Однако Мясника было не так-то просто убедить одними лишь словами.
— Вы можете трепаться, пока у вас не отвалятся языки, — буркнул он. — Но я не позволю этим проклятым танкам хотя бы на сантиметр сдвинуться с места, пока не получу на этот счет совершенно ясный и четкий приказ оберштурмбаннфюрера Гейера — и точка!

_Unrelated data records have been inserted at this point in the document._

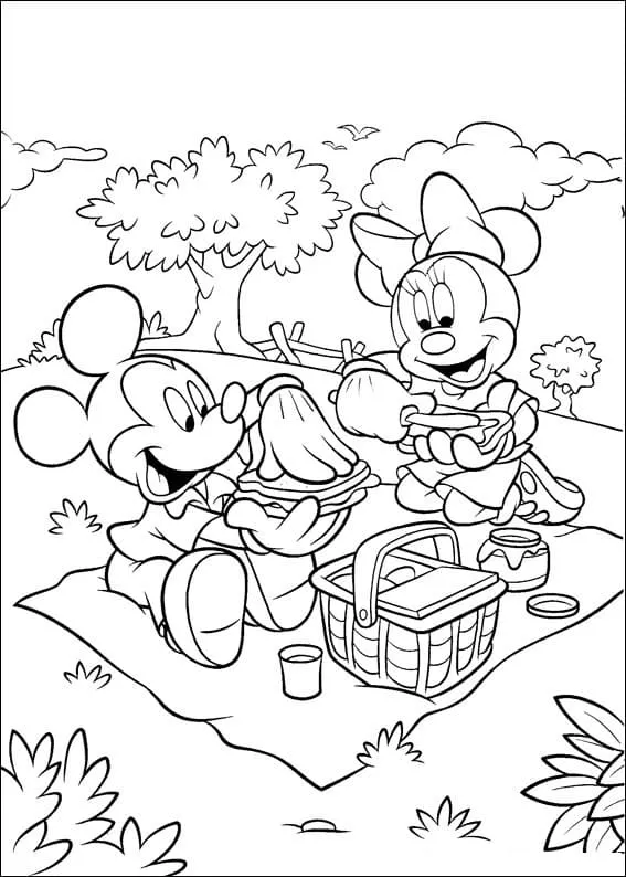 : Download Printable Mickey e Minnie no piquenique Coloring Page
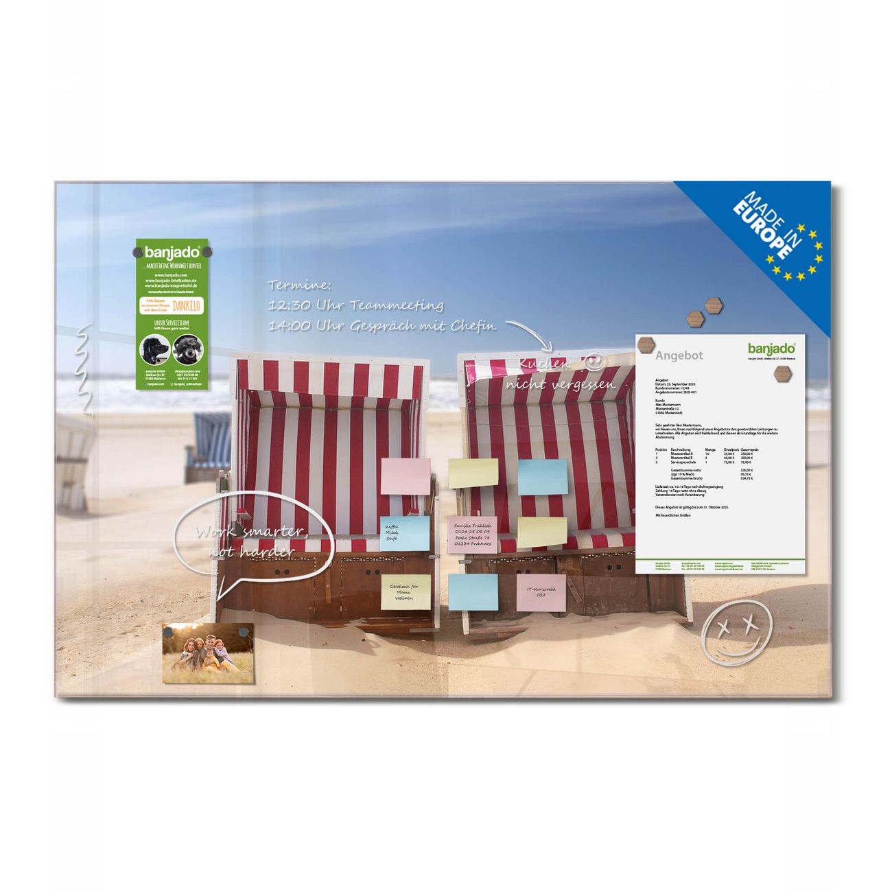 Ein Stück Design, das Ihren Alltag organisiert. Schreiben, heften, inspirieren - alles an einem Ort. Qualität, die man spürt. Montage leicht gemacht. Handwerk mit Herz - veredelt in Sachsen. Einzigartiges Design mit Motiv Motiv Strandkörbe Beschreibbare Glasoberfläche, leicht zu reinigen Starke Magnetkraft durch Stahlrückwand Inklusive 4 Neodym-Magneten Flexible Montageoptionen Handveredelt in Sachsen - Qualität, die bleibt
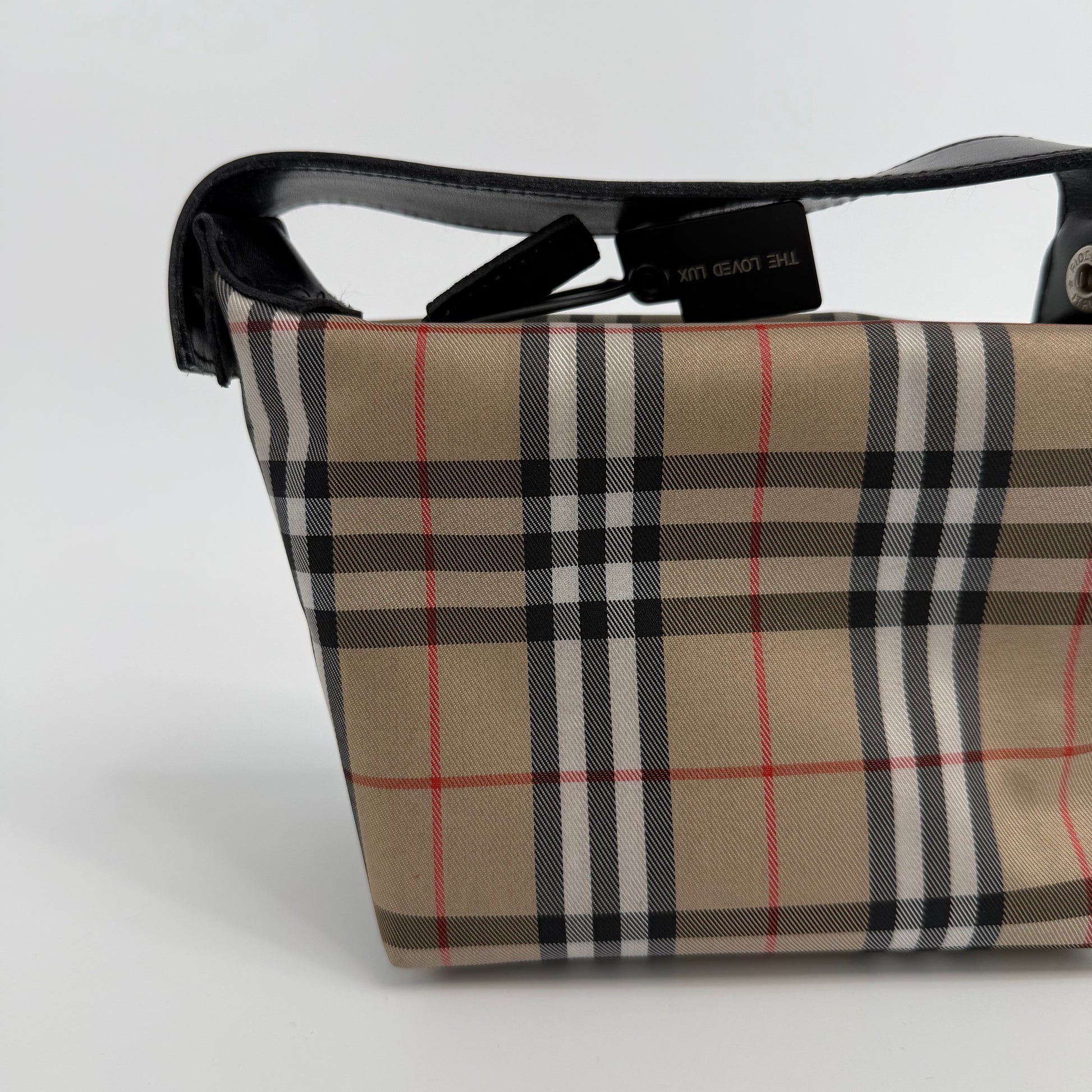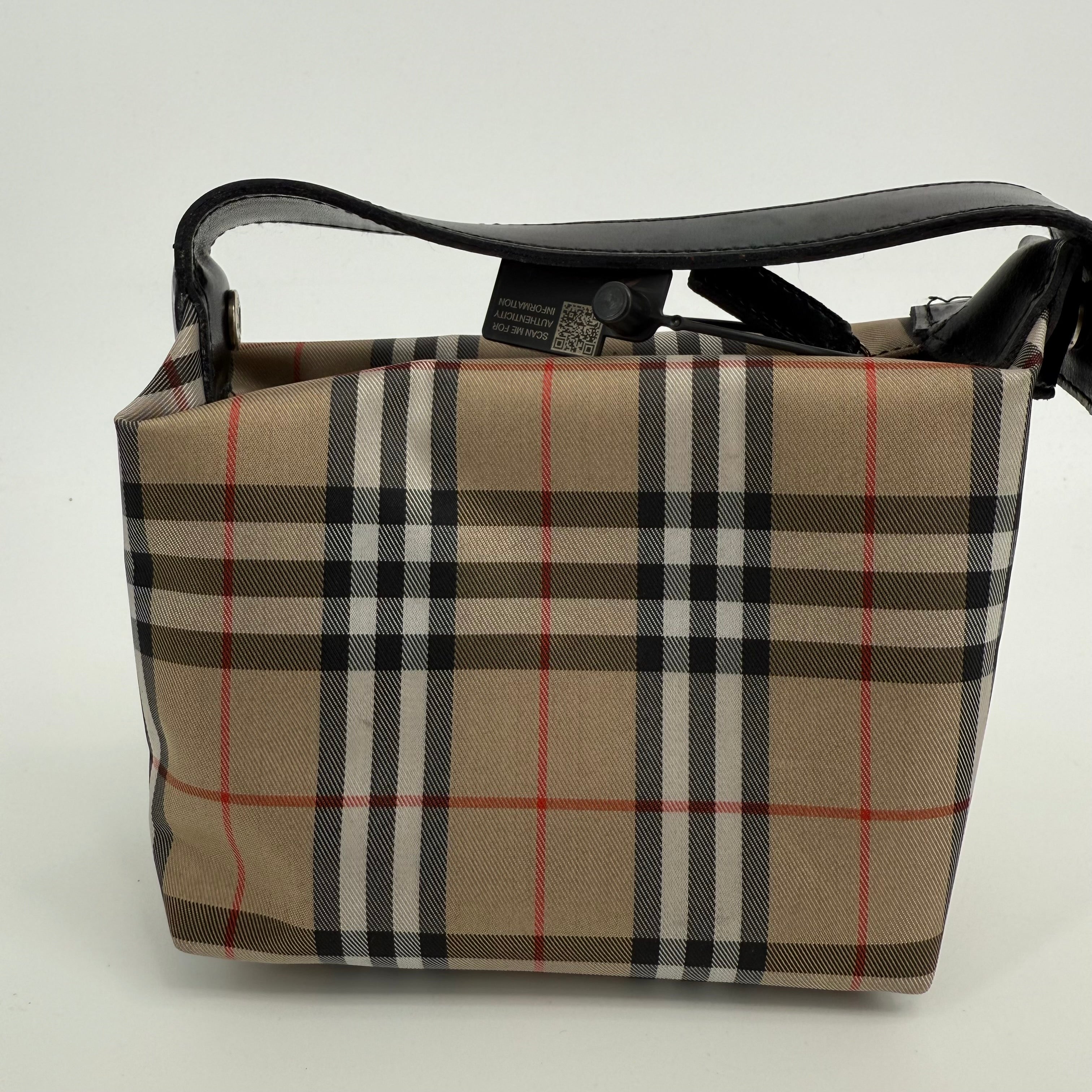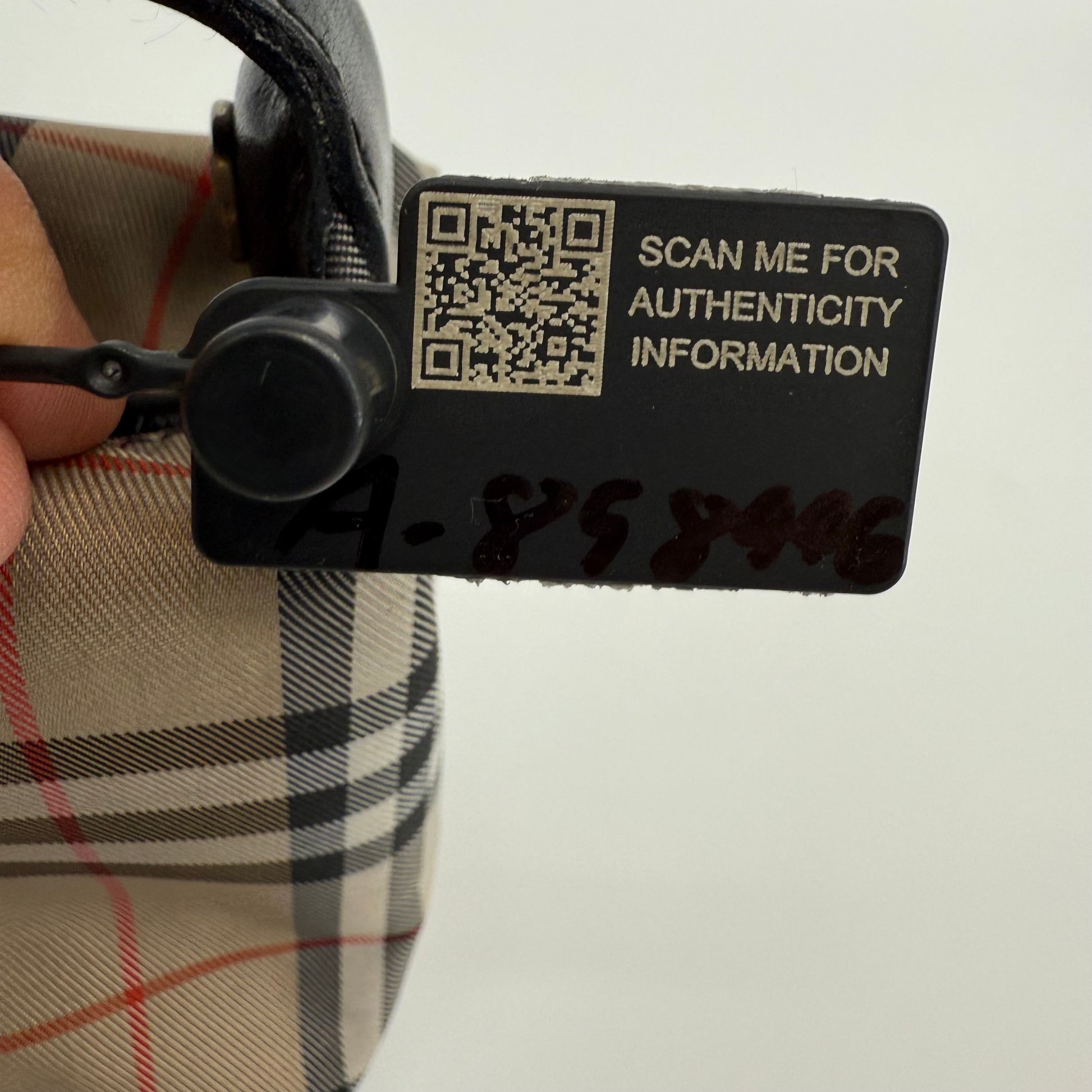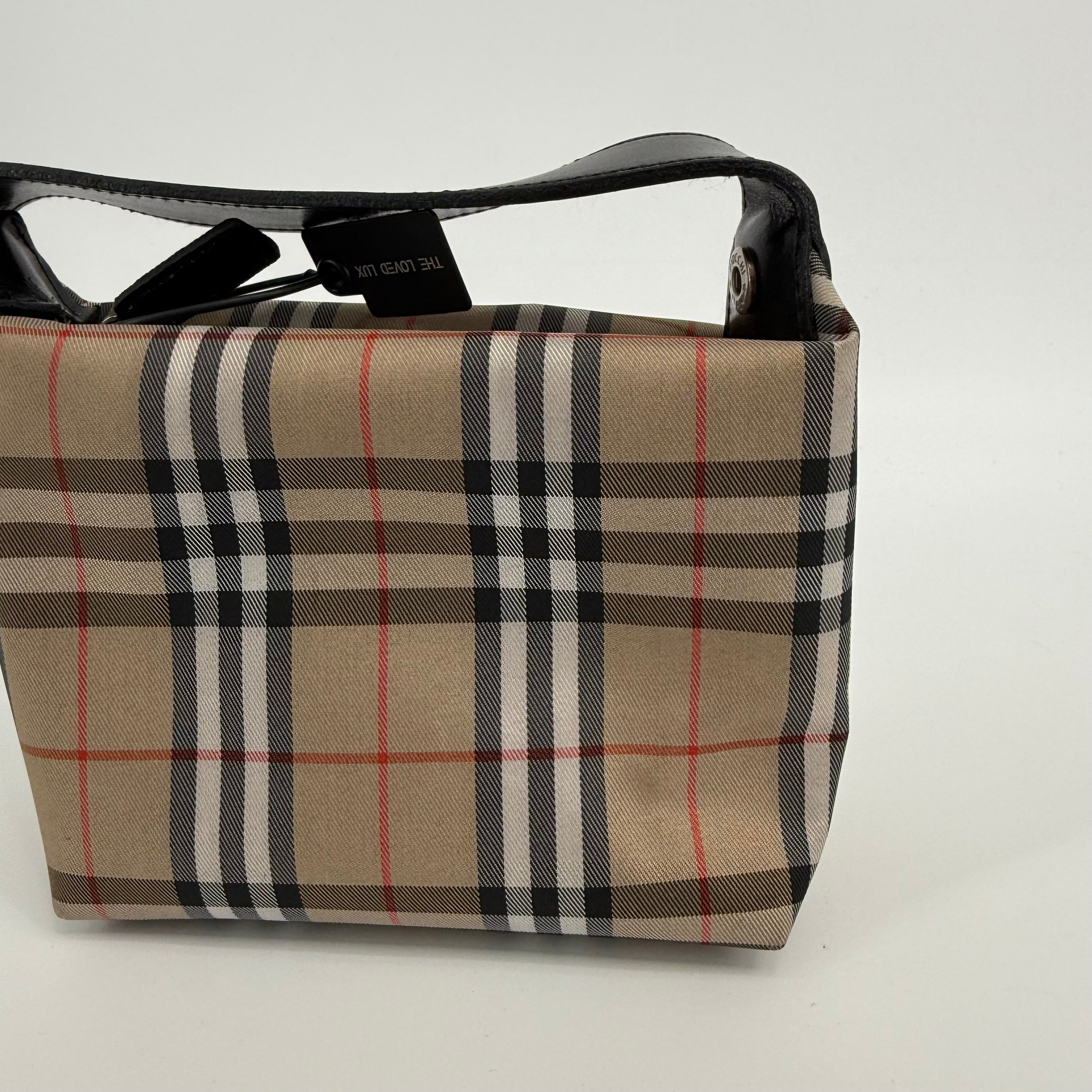 Compact yet unmistakably chic, this Burberry Mini Tote features the brand’s iconic beige, black, and red check pattern — a timeless design that never goes out of style. Crafted from durable coated canvas with black leather trim and handle, this structured piece is perfect for carrying your essentials with a touch of British elegance. Its petite silhouette makes it an ideal everyday companion or a stylish travel accessory.

Стало ясно, что все усилия Шульце и Матца пропали даром. Шарфюрер с грустью взглянул на своего приятеля:
— Я вижу, что у нас совсем ничего не получается, Матци. Поэтому давай-ка побыстрее выберемся отсюда, пока этот ублюдок, лицо которого уже позеленело от собственной вони, не отравит нас своим бздохом!
Они выскочили из унтер-фюрерской уборной. Выйдя на улицу, Шульце остановился и взглянул на побережье. Солнце уже вставало над горизонтом, окрашивая его в ярко-розовый оттенок. На фоне этого розового неба в воздух поднимались два огромных столба черного дыма — в том самом месте, где располагались основные здания и сооружения Бельвилля. Позади же, в подернутых легкой туманной дымкой морских просторах, можно было явственно различить серо-стальные силуэты военных кораблей. Было очевидно, что операция британских коммандос по высадке на французское побережье была в самом разгаре, а части батальона СС «Вотан» еще не успели достичь расположения батареи Геббельса.